- Specialty: Endocrinology

= Thyrotoxicosis factitia =

Thyrotoxicosis factitia (alimentary thyrotoxicosis, exogenous thyrotoxicosis) is a condition of thyrotoxicosis caused by the ingestion of exogenous thyroid hormone. It can be the result of mistaken ingestion of excess drugs, such as levothyroxine and triiodothyronine, or as a symptom of Munchausen syndrome. It is an uncommon form of hyperthyroidism.

Patients present with hyperthyroidism and may be mistaken for Graves' disease, if TSH receptor positive, or thyroiditis because of absent uptake on a thyroid radionuclide uptake scan due to suppression of thyroid function by exogenous thyroid hormones. Ingestion of thyroid hormone also suppresses thyroglobulin levels helping to differentiate thyrotoxicosis factitia from other causes of hyperthyroidism, in which serum thyroglobulin is elevated.
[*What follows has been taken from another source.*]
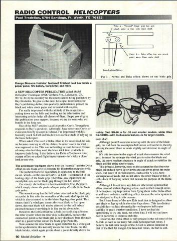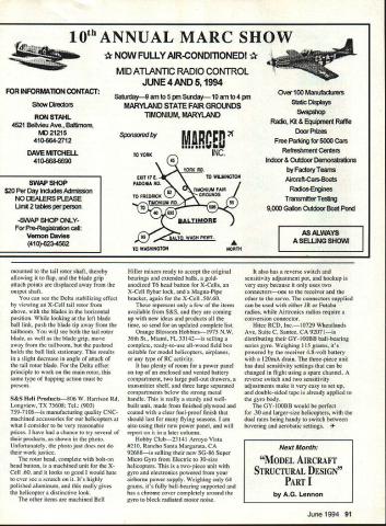 RADIO CONTROL HELICOPTERS NEW HELICOPTER PUBLICATION called Model Helicopter Technique 4926 Verdura Ave Lakewood CA 90712-3018 has recently hit streets being published Ray Hostetler give us helicopter information Rays publishing dollar quarterly publication printed black white stock paper bound staples Im really impressed attitude magazine cutting down frills beefing up informative interesting articles helps classes fliers hope give publication support because ones will benefit long run MHT articles pilot profile Curtis Youngblood responds Rays questions Although have never met Curtis seen him fly except videos Im impressed basically stock X-Cell down-to-earth attitude relying basic helicopter asked used Delta offset rotor head said no because contrary claims never saw what supposed refreshing read because know feel need latest trick item available improve flying also believe Delta offset rotor system offers no added flight improvementlets take closer look see accompanying figure shows both normal Delta offset blade grip compare illustration purposes pushrod swashplate connected bell mixer whichin case Curtis X-Cellis connected leading edge blade grip Therefore input swashplate acts blade grip through bell mixer clarity bell mixer has omitted figure simply shows push rod input going directly blade grip point normal setup has bell mixer attached blade grip point line centerline main shaft point also assumed blade flapping pivot point means wind gust causes rotor blade flap up down rotor blade will affected bell mixer/ pushrod because everything line pivot point However Delta offset has built-in stabilizing effect rotor system rotor disk disturbed because connection point blade grip now displaced main shaft point farther out blade grip Point B Now assume rotor blade again disturbed wind gust up direction raises rotor blade blade holder again pivots about point directly above 00 Ir main shaft Although point B wants move up rest blade grip rod swashplatelbell mixer will let thereby causing rotor blade rotate slightly decrease its angle attack Its decrease angle attack counters wind gust because stronger wind gust raise blade grip resultant decrease angle attack stabilize blade entire rotor system process however rests assumption rotor blade can indeed move up down can pivot about main shaft helicopters such X-Cell have semirigid rotor heads allow rotor blades flap lack flapping action defeats purpose Delta offset Although have data other rotor systems allow blade flapping action such Concept series helicopters impression flying Delta offset would have no better stabilizing affect because rotor system designed flap manner have heard new Kalt head designed allow blade flap up other flaps down has distinct possibilitiesat least theoreticallyto improve helicopter stability gusty weather conditions have opportunity try head I will let know performs improve stability However Delta offset very present tail rotor X-Cell well full-scale helicopter tail rotors believe tail rotor design X-Cell almost identical Bell Jet Ranger tail rotors hub soft90 Model Aviation t Normat blade grip has arm /attach point line main shaft Point B Delta offset has arm attach /point away maiis shaft Swashplate/Mixer Fig Normal Delta offsets shown bladc grip Orange Blossom Hobbies fuelproof finished field box holds power panel 12V battery transmitter Hobby Club SG-86 30 smaller models Hitec GY-1 OOBBwith its dual-rate featureis larger models 10th ANNUAL MARC SHOW * NOW FULLY BJR-CONDrnONEDI * MID ATLANTIC RADIO CONTROL JUNE4AND5 1994 Saturday9 am 5 pm Sunday 10 am 4 pm MARYLAND STATE FAIR GROUNDS TIMONIUM MARYLAND FOR INFORMAllON cOIrrACT Sh Direos RON STAHL 4521 BelMeu Ave Baltimore MD 21215 410-664-2712 DAVE MITCHELL 410-6686690 SWAP SHOP $20 Per Day Indudes Admission NO DEALERS PLEASE Um 2 tables per peson -SWAP SHOP ONLYFor Pre-Registration call Vernon Davies 41 0-823-4562 Sponscyed a. INC TO YORK 45 YORK RD EXIT 171 PADOMA RD TiMONIUM FAIR 83GROUNDS TO FREDRICK TIMONIUM RD95 70695 40695 IALflMBE 95T PKWY TO WASHINGTONNORTh Static Displays RadK Kit & Equipment Raffle Door Prizes Free Paildng 5000 Ca Refreshment Centers Indoor & Outdoor Demonstrations Fadory Teams Aircraft -Cars-Boats Radios-Engines Transmitter Testing 9000 Gallon Outdoor Boat Pond AS ALWAYS SELUNG SHOW TO WILMINGTON mounted tail rotor shaft thereby allowing flap blade grip attach points displaced away output shaft can see Delta stabilizing effect viewing X-Cell tail rotor above blades horizontal position looking left blade ball link push blade tip away tailboom will see both tail rotor blade well blade grip move away tailboom pushrod holds ball link stationary results slight decrease angle attack tail rotor blade Delta offset principle work main rotor same type flapping action must present S&S Hell Products806 W Harrison Rd Longview TX 75608 Tel 903 759-7106is manufacturing quality CNC machined accessories helicopters what consider very reasonable prices have chance try several products shown photo Unfortunately photo just does work justice rotor head complete bolt-on head button machined unit X Cell 60 looks good would hate ever see scratch Its highly polished aluminum really gives helicopter distinctive look other items machined Bell Hiller mixers ready accept original bearings extended balls goldanodized T6 head button X-Cells X-Cell flybar lock Magna-Pipe bracket again X-Cell 50/60 represent few items available S&S coming up new ideas products time send updated complete list Orange Blossom Hobbies1975 NW 36th St Miami FL 33142is selling complete ready-to-use all-wood field box suitable model helicopters airplanes type RC activity has plenty room power panel top enclosed vented battery compartment two large pull-out drawers transmitter shelf three large separated compartments below strong metal handle really sturdy wellbuilt unit made finished plywood coated clear fuel-proof finish should last flying seasons am also using new power panel will report

Caution, however, should be exercised in interpreting thyroglobulin results without thyroglobulin antibodies, since thyroglobulin antibodies commonly interfere in thyroglobulin immunoassays causing false positive and negative results which may lead to clinical misdirection. In such cases, increased fecal thyroxine levels in thyrotoxicosis factitia may help differentiate it from other causes of hyperthyroidism.